🤖 AI Summary
Consistency models (CMs) conventionally rely on pre-trained diffusion or flow models, limiting flexibility and increasing computational overhead.
Method: This paper proposes a novel pre-training-free flow-mapping self-distillation paradigm. It leverages the analytical equivalence between the time derivative of the flow mapping and the velocity field, transforming conventional two-stage distillation into end-to-end flow-mapping learning. The approach incorporates flow-mapping parameterization, higher-order derivative regularization, and continuous-time modeling to enable task-adaptive objective design.
Contribution/Results: Experiments demonstrate significant improvements in sampling efficiency and synthesis quality for high-dimensional tasks (e.g., image generation). For low-dimensional tasks, higher-order derivative constraints enhance detail fidelity, accelerate convergence, and improve inference stability.

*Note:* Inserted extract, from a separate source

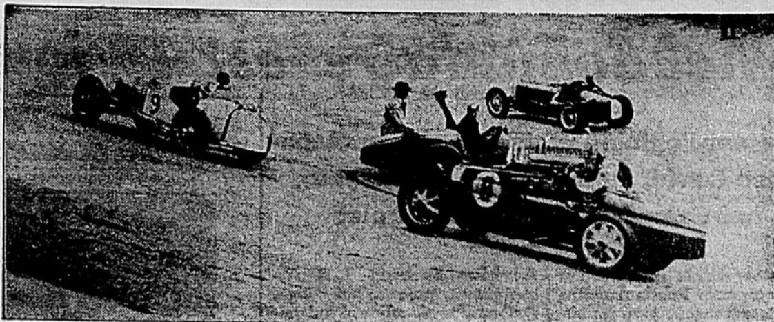
Sir Malcolm Campbell, détenteur du record de vitesse en automobile, a ayant fait 253 milles à l'heure, a évité une tragédie, sur la piste Brooklands, en Angleterre, dernièrement. On le voit ici au centre de la piste, juste au moment où ses concurrents doivent s'espacer pour laisser passer le bolide.

Vous donnent plus pour votre argent. Nouveaux modèles pour poêles et automatique. 309-311 rue St-Georges. 12 ans d'expérience.
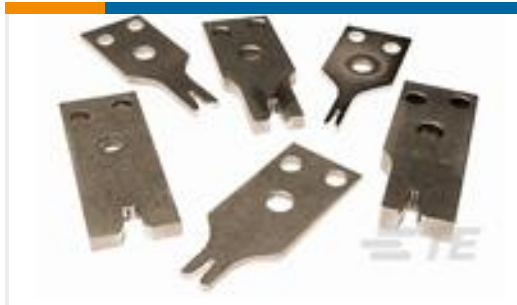
TE 产品编号2076539-2 INSULATION CRIMPER SPECIAL

This work establishes the first fully pre-training-free, theoretically interpretable, efficient, and robust consistency modeling framework—bridging theoretical rigor with practical performance across diverse domains.
📝 Abstract
Building on the framework proposed in Boffi et al. (2024), we present a systematic approach for learning flow maps associated with flow and diffusion models. Flow map-based models, commonly known as consistency models, encompass recent efforts to improve the efficiency of generative models based on solutions to differential equations. By exploiting a relationship between the velocity field underlying a continuous-time flow and the instantaneous rate of change of the flow map, we show how to convert existing distillation schemes into direct training algorithms via self-distillation, eliminating the need for pre-trained models. We empirically evaluate several instantiations of our framework, finding that high-dimensional tasks like image synthesis benefit from objective functions that avoid temporal and spatial derivatives of the flow map, while lower-dimensional tasks can benefit from objectives incorporating higher-order derivatives to capture sharp features.